Оказалось, что за это время Люба стала совладелицей магазинчика старинных вещей. В Америке это называется «АНТИК». Америка – страна молодая, и тут даже кресло дедушки уже «антик». А русские деревенские ходики это уж неоспоримо «антик».
Старый американец быстро оценил художественный вкус и деловитость работницы (Люба организовала продажу его «антика» по почте) и, устав от своего «антика», взял ее в совладелицы.
Но неприятности преследовали ее по пятам. На почту, которая отправляла очередной Любы Рябовой «антик» покупателям, пришел анонимный донос. Магазинщики «Антика», де, произвольно завышают цены своих посылок. У них нет законных «ценников». И тем самым могут «ограбить» американскую почту…

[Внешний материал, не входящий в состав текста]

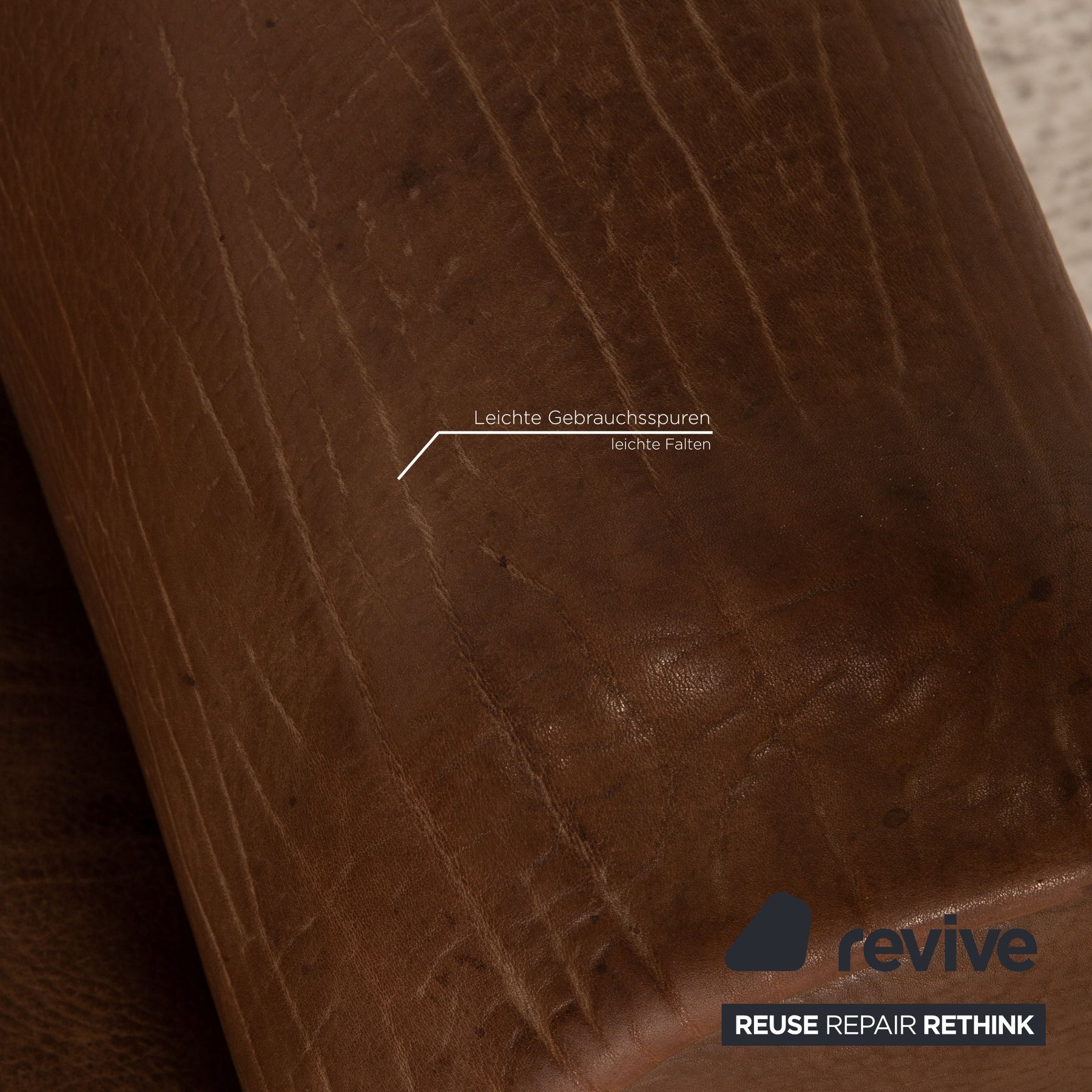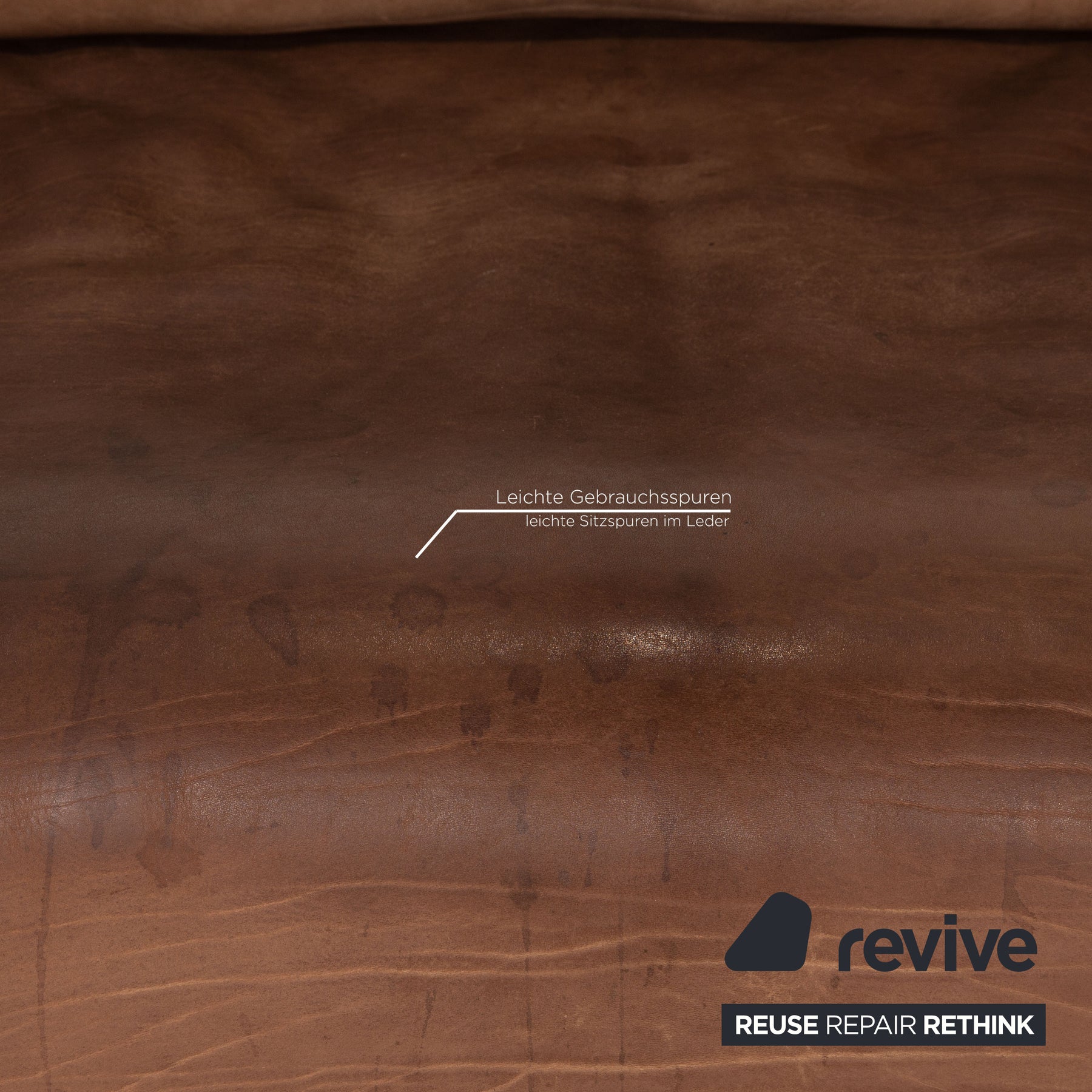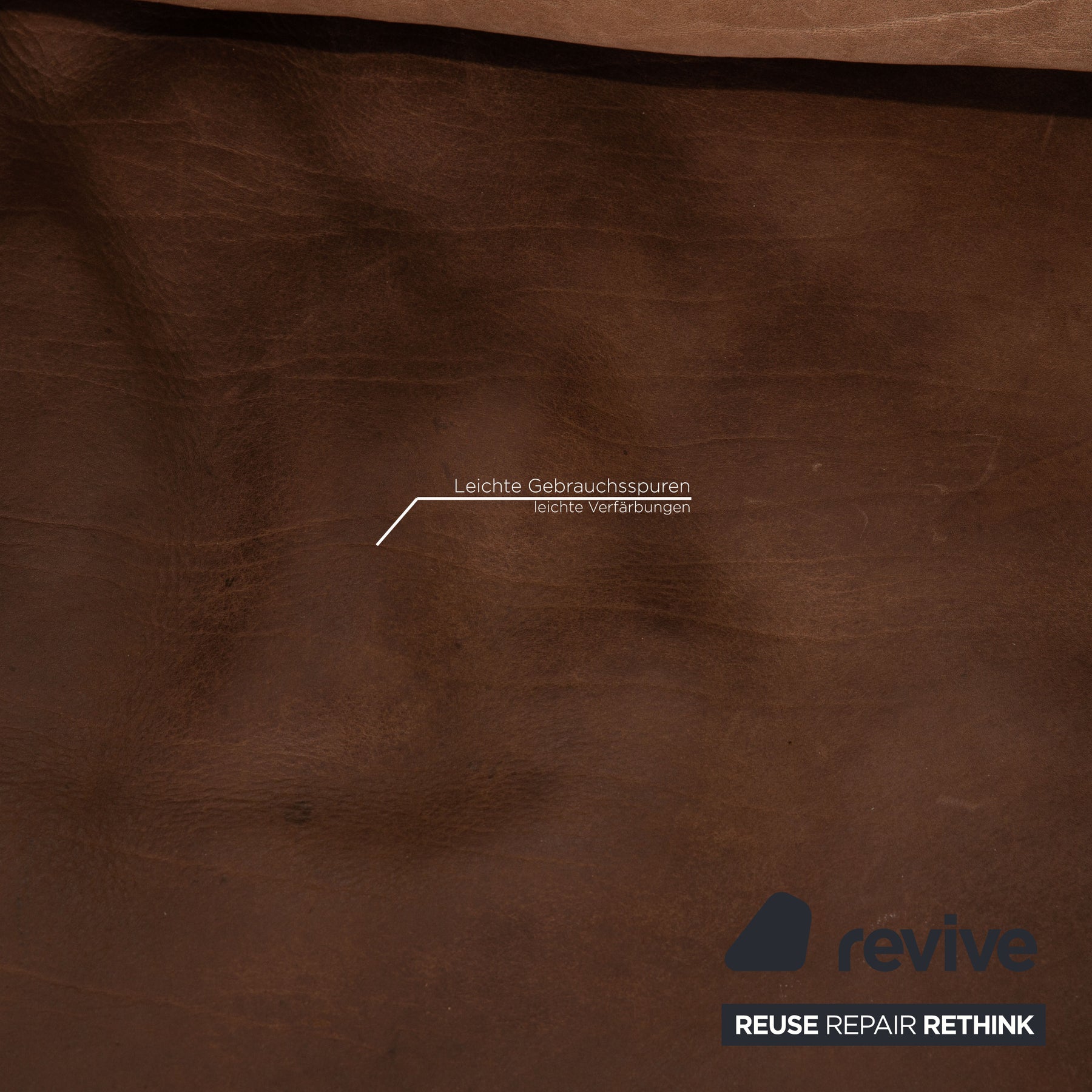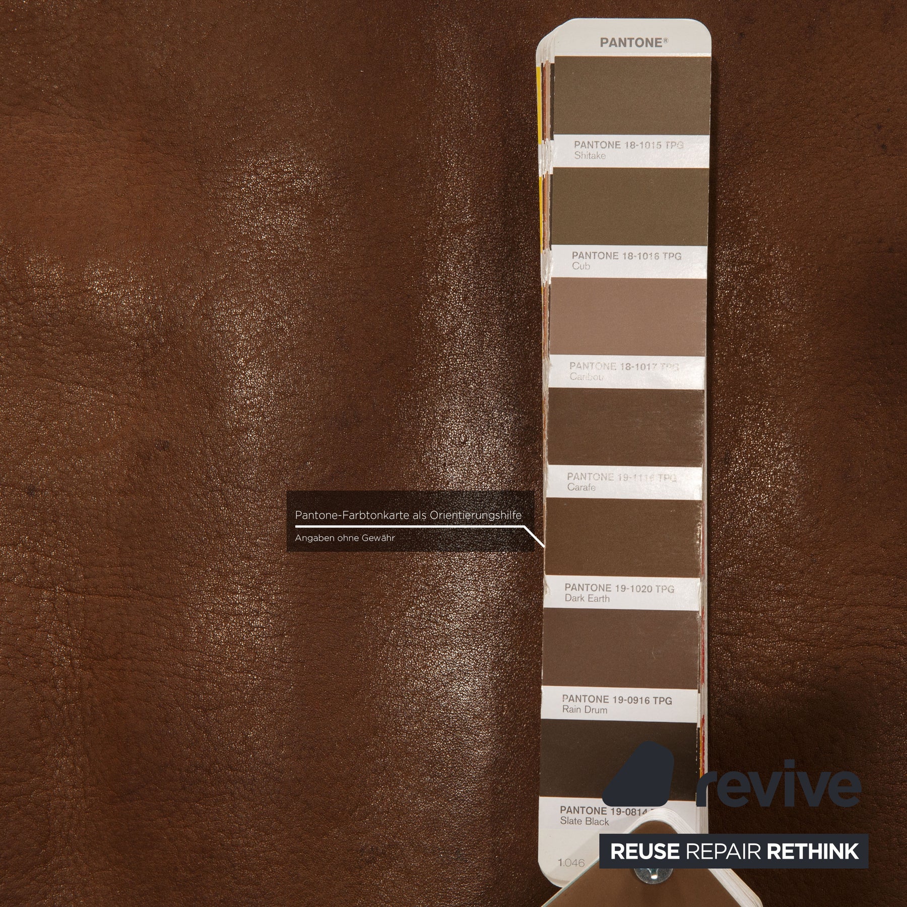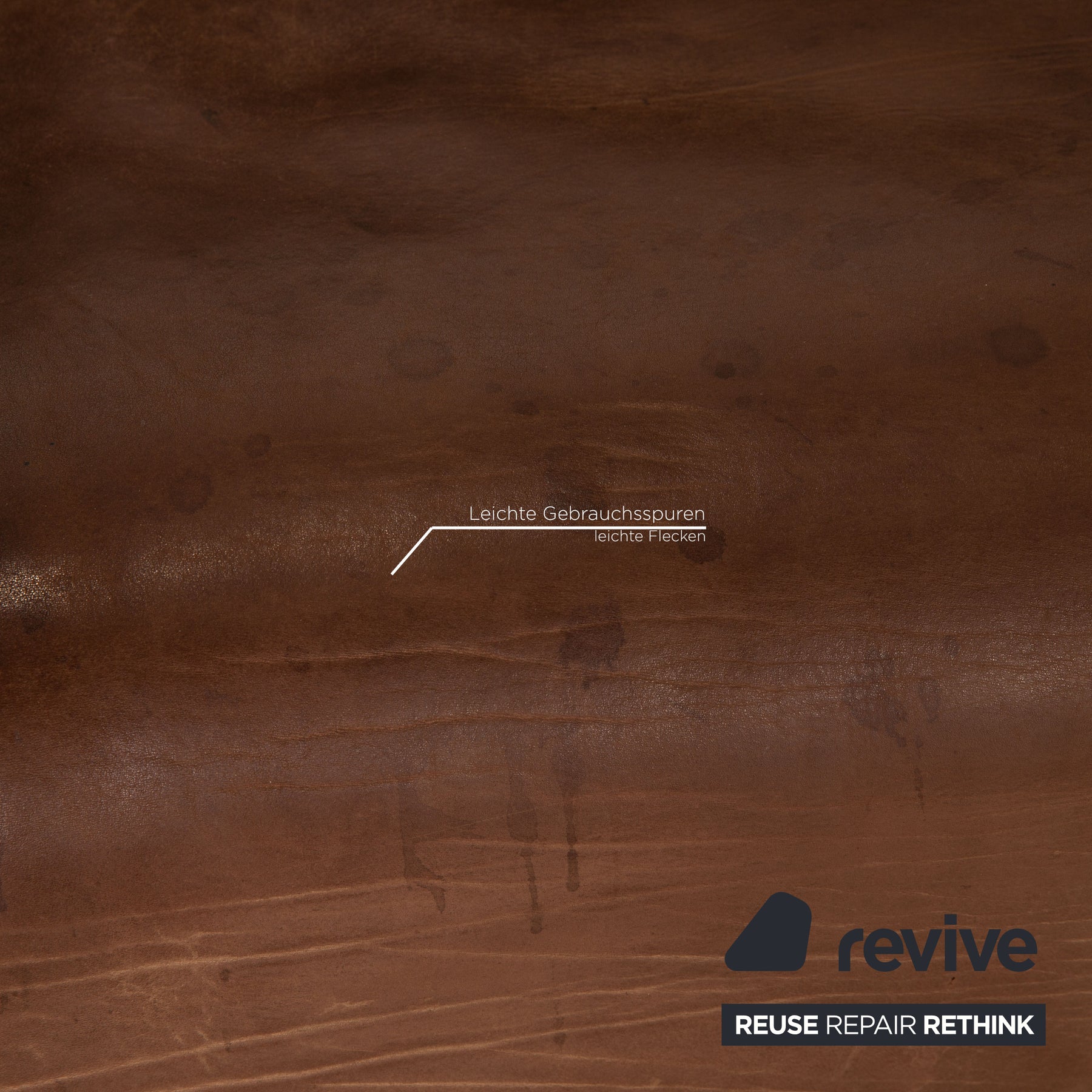 Der Zweisitzer ds 47 von de Sede ist mit einem braunen Echtleder bezogen und ist bodentief. Er zeichnet sich durch das massive Design und die rustikale Optik aus.

– Кто автор доноса? – спросил я Любу.
ТОТ, КТО СЖЕГ МОЙ ДОМ В КОЛОМБУСЕ, ТОТ И АВТОР. Никто другой не мог знать, что пожар испепелил все наши документы, в том числе, все оригиналы ценников, и мне, чтобы хоть что-то продать, пришлось их воспроизвести.
Лубянка верна себе, еще раз убедился я. Со сталинских времен все та же самая практика. Прежде всего, несогласного – запугать. Или купить. Если и это не удается, тогда стравить с… американцами…
– Изобретательны, сволочи!..Что-нибудь придумаем, Люба. В обиду тебя не дадим…
Американская почта – это все же не российский почтамт. Она швырнула анонимку о «ворах из «Антика» в архив, и все дела!
Так и было… до арабской атаки 11 сентября позапрошлого года. Началась немыслимая раньше в Америке истерия, вызвавшая психоз недоверия ко всем «пришлым». Психоз подогрели и статьи о «русской мафии»,и, конечно же, белый порошок сибирской язвы в многочисленных конвертах, что особенно опасно для Почты. Скорее всего, они и заставили Почтовиков вспомнить и об «этой русской» из АНТИКА. Передали бумаги в суд. Пусть разберутся.
Судебная улита едет, когда-то будет. Пока известно, если суд признает АНТИК виновным,то Любовь Рябову упекут в тюрьму… на целый год. Мы с женой успокаиваем Любу, даем ей бесполезные советы, и, что б хоть как-то ей помочь, отправили письмо Генеральному Прокурору Соединенных Штатов Америки, описав все злоключения Любы Рябовой в России и ее заслуги перед наивным и предельно доверчивым американским народом. (Письмо в Приложении) И вдруг в Москве – НОРД-ОСТ. Мы были ошеломлены легкостью, с которой ГБ отравило 138 ни в чем неповинных зрителей мюзикла «НОРД-ОСТ». Чтобы выбрать это наиболее легкое для него решение за плечами отравителя должна быть многолетняя безответственность и глубокое презрение к человеческой личности, цена которой в России, по его убеждению – грош.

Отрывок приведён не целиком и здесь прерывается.